Every line below must be copied as written, except for pictures.

> [INFORMATION SUPPLIED]
=== Section Start ===

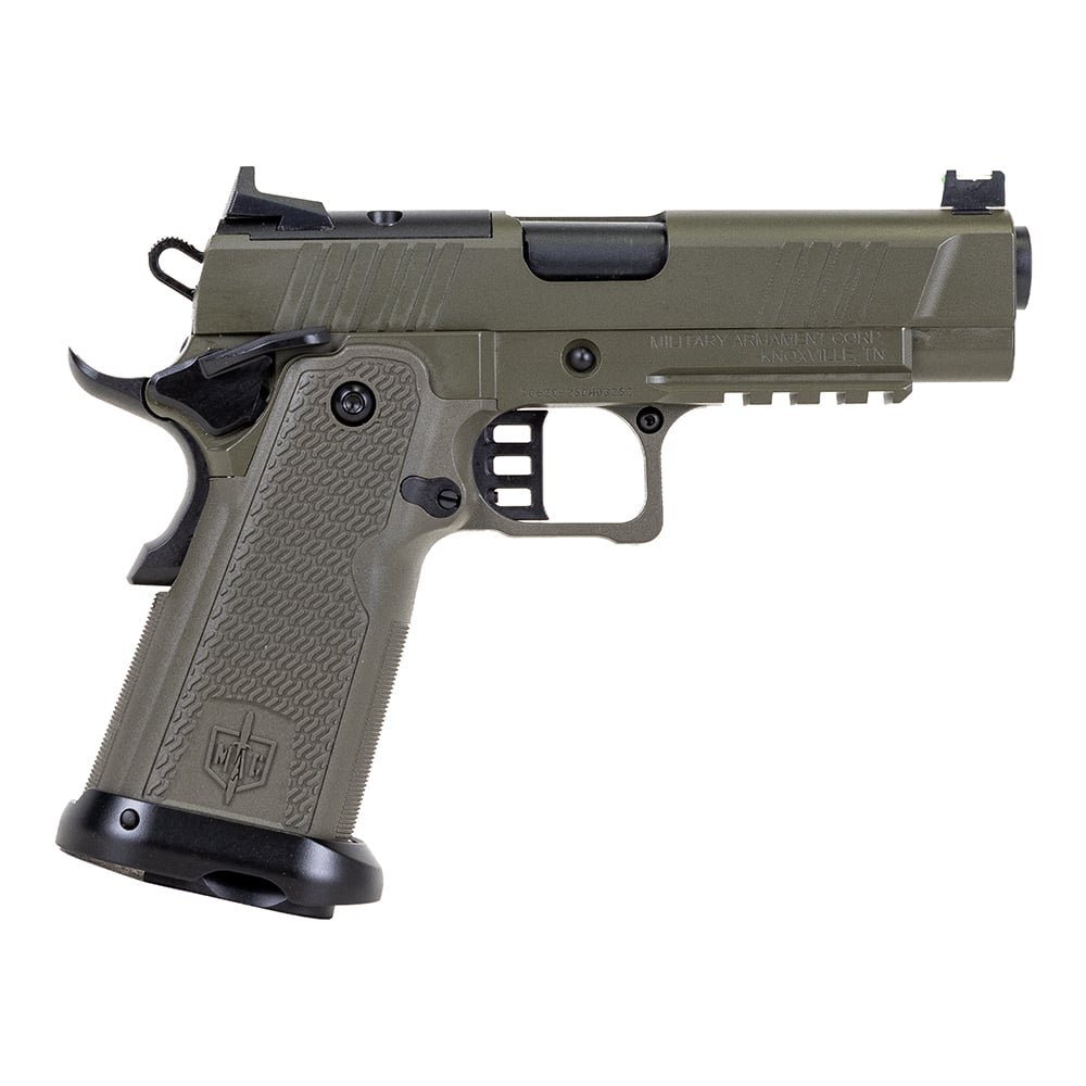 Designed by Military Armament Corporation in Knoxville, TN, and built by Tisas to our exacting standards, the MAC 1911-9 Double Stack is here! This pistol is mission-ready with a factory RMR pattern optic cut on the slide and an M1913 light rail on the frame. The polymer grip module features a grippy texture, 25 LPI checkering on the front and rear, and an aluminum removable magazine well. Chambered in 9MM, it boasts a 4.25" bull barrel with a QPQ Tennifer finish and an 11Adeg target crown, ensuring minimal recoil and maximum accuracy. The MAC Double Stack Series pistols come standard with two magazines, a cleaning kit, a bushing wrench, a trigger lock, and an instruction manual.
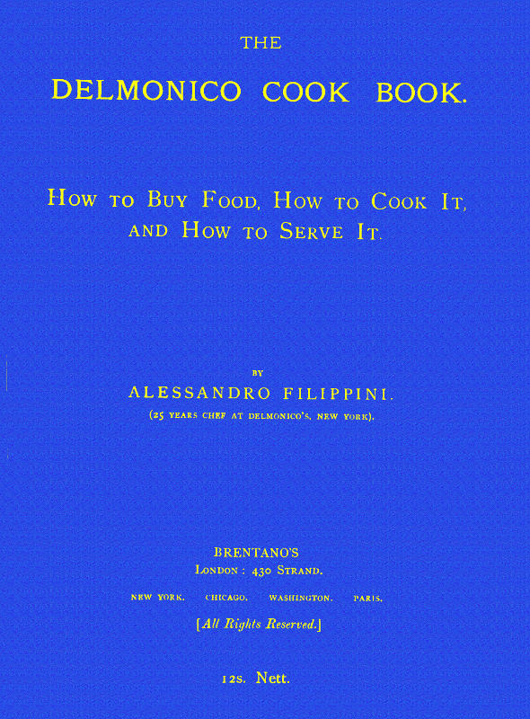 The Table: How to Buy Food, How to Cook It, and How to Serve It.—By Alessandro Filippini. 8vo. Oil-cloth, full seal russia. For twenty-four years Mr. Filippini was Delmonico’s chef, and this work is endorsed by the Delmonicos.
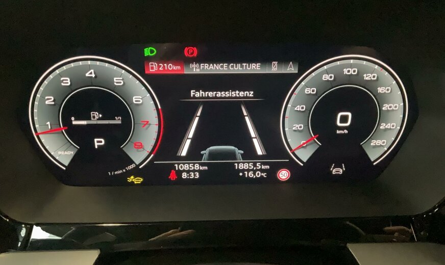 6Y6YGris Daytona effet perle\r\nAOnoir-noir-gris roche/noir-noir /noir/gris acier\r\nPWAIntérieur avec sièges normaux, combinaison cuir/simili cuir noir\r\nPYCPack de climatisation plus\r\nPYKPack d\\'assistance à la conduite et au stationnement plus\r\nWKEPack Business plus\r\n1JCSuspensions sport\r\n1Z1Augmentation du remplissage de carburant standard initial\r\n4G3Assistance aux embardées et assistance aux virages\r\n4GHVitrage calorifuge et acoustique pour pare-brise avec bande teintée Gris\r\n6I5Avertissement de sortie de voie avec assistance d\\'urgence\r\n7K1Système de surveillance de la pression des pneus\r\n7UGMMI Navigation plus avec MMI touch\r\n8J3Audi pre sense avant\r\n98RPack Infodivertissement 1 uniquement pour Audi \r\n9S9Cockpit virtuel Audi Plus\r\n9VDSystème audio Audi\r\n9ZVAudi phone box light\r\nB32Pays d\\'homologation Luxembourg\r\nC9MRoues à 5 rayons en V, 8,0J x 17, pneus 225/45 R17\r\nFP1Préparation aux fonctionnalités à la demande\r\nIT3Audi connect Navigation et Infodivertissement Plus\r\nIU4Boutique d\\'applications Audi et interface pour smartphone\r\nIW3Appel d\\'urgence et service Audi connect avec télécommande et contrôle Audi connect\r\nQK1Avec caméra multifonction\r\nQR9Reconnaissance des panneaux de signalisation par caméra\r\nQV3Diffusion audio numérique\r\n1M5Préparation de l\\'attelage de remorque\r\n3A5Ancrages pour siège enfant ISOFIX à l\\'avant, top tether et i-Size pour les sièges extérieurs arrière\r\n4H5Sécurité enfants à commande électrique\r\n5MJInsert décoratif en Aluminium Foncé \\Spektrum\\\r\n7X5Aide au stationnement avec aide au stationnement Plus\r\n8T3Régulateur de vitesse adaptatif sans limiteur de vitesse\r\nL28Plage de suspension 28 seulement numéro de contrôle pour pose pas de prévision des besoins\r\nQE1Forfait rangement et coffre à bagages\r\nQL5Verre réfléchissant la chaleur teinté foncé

=== Section End ===

> [ANSWER TO THIS TASK]
 Designed by Military Armament Corporation in Knoxville, TN, and built by Tisas to our exacting standards, the MAC 1911-9 Double Stack is here! This pistol is mission-ready with a factory RMR pattern optic cut on the slide and an M1913 light rail on the frame. The polymer grip module features a grippy texture, 25 LPI checkering on the front and rear, and an aluminum removable magazine well. Chambered in 9MM, it boasts a 4.25" bull barrel with a QPQ Tennifer finish and an 11Adeg target crown, ensuring minimal recoil and maximum accuracy. The MAC Double Stack Series pistols come standard with two magazines, a cleaning kit, a bushing wrench, a trigger lock, and an instruction manual.
 The Table: How to Buy Food, How to Cook It, and How to Serve It.—By Alessandro Filippini. 8vo. Oil-cloth, full seal russia. For twenty-four years Mr. Filippini was Delmonico’s chef, and this work is endorsed by the Delmonicos.
 6Y6YGris Daytona effet perle\r\nAOnoir-noir-gris roche/noir-noir /noir/gris acier\r\nPWAIntérieur avec sièges normaux, combinaison cuir/simili cuir noir\r\nPYCPack de climatisation plus\r\nPYKPack d\\'assistance à la conduite et au stationnement plus\r\nWKEPack Business plus\r\n1JCSuspensions sport\r\n1Z1Augmentation du remplissage de carburant standard initial\r\n4G3Assistance aux embardées et assistance aux virages\r\n4GHVitrage calorifuge et acoustique pour pare-brise avec bande teintée Gris\r\n6I5Avertissement de sortie de voie avec assistance d\\'urgence\r\n7K1Système de surveillance de la pression des pneus\r\n7UGMMI Navigation plus avec MMI touch\r\n8J3Audi pre sense avant\r\n98RPack Infodivertissement 1 uniquement pour Audi \r\n9S9Cockpit virtuel Audi Plus\r\n9VDSystème audio Audi\r\n9ZVAudi phone box light\r\nB32Pays d\\'homologation Luxembourg\r\nC9MRoues à 5 rayons en V, 8,0J x 17, pneus 225/45 R17\r\nFP1Préparation aux fonctionnalités à la demande\r\nIT3Audi connect Navigation et Infodivertissement Plus\r\nIU4Boutique d\\'applications Audi et interface pour smartphone\r\nIW3Appel d\\'urgence et service Audi connect avec télécommande et contrôle Audi connect\r\nQK1Avec caméra multifonction\r\nQR9Reconnaissance des panneaux de signalisation par caméra\r\nQV3Diffusion audio numérique\r\n1M5Préparation de l\\'attelage de remorque\r\n3A5Ancrages pour siège enfant ISOFIX à l\\'avant, top tether et i-Size pour les sièges extérieurs arrière\r\n4H5Sécurité enfants à commande électrique\r\n5MJInsert décoratif en Aluminium Foncé \\Spektrum\\\r\n7X5Aide au stationnement avec aide au stationnement Plus\r\n8T3Régulateur de vitesse adaptatif sans limiteur de vitesse\r\nL28Plage de suspension 28 seulement numéro de contrôle pour pose pas de prévision des besoins\r\nQE1Forfait rangement et coffre à bagages\r\nQL5Verre réfléchissant la chaleur teinté foncé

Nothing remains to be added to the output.